--- DATA SUPPLIED ---

* * * * * * * * *

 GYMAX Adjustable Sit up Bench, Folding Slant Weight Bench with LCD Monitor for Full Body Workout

* * * * * * * * *

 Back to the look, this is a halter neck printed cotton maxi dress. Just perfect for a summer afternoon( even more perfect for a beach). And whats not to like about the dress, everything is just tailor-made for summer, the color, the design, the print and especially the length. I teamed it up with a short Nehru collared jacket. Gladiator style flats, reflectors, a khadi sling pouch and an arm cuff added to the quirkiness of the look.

* * * * * * * * *

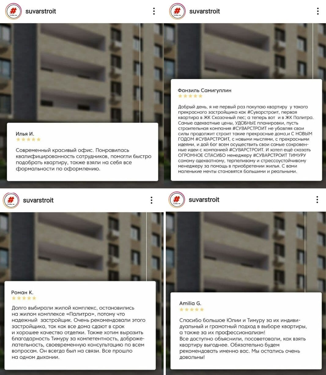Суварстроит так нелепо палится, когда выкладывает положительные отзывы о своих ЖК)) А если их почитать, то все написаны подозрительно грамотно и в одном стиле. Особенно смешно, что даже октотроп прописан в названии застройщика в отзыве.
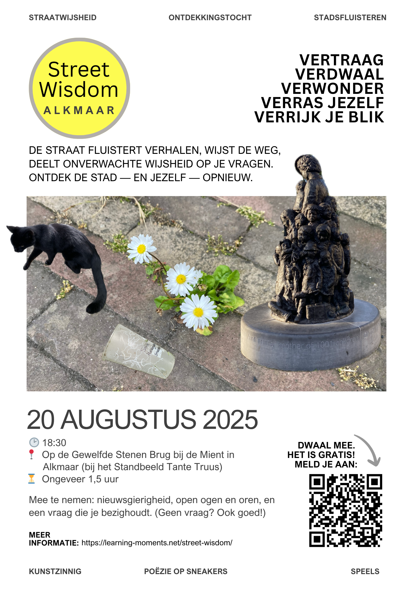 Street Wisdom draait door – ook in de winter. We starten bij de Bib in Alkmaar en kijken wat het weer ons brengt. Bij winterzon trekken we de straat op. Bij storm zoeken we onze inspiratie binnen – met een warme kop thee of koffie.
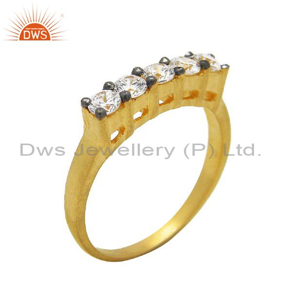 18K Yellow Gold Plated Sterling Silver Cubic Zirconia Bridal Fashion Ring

* * * * * * * * *

--- WORK TO BE COMPLETED ---
Everything above from the line containing "Street Wisdom draait" down to the line containing "18K Yellow Gold" is to be duplicated exactly, both lines included, and the pictures are to be omitted.

--- ANSWER AREA ---
 Street Wisdom draait door – ook in de winter. We starten bij de Bib in Alkmaar en kijken wat het weer ons brengt. Bij winterzon trekken we de straat op. Bij storm zoeken we onze inspiratie binnen – met een warme kop thee of koffie.
 18K Yellow Gold Plated Sterling Silver Cubic Zirconia Bridal Fashion Ring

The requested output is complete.